Exercise goal:
Nothing outside the lines below from the one containing "Задача 722: Задача" through the one containing "KOTION EACH - سماعة" is to be printed; print those exactly, ends included, and drop the pictures.

** Opening Extracted data block **

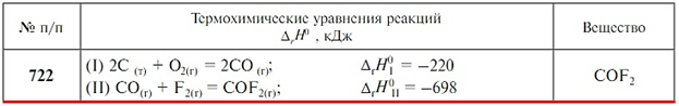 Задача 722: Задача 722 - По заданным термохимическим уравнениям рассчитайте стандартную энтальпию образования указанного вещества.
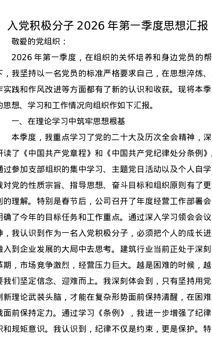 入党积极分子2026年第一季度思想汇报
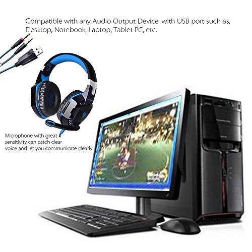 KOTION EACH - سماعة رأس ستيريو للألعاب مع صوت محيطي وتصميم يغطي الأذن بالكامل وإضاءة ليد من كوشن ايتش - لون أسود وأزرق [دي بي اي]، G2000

** Closing Extracted data block **
** Opening Extracted data block **

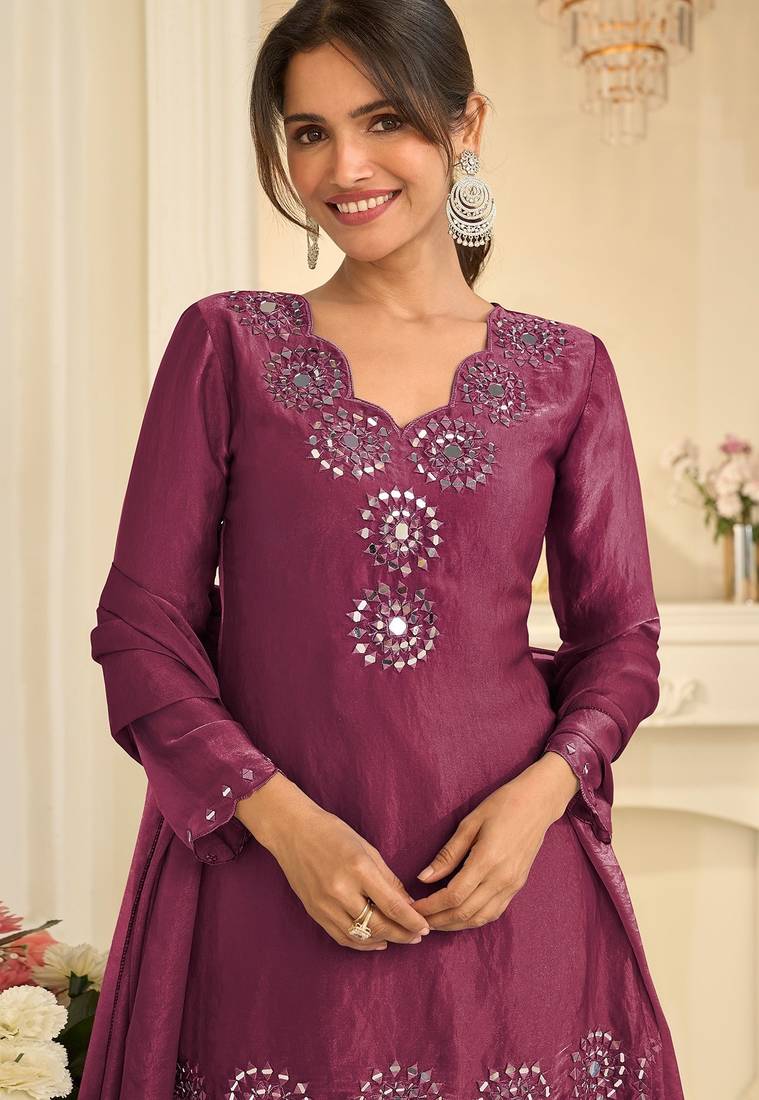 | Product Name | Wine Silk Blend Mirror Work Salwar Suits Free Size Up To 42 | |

** Closing Extracted data block **

Response to this exercise:
 Задача 722: Задача 722 - По заданным термохимическим уравнениям рассчитайте стандартную энтальпию образования указанного вещества.
 入党积极分子2026年第一季度思想汇报
 KOTION EACH - سماعة رأس ستيريو للألعاب مع صوت محيطي وتصميم يغطي الأذن بالكامل وإضاءة ليد من كوشن ايتش - لون أسود وأزرق [دي بي اي]، G2000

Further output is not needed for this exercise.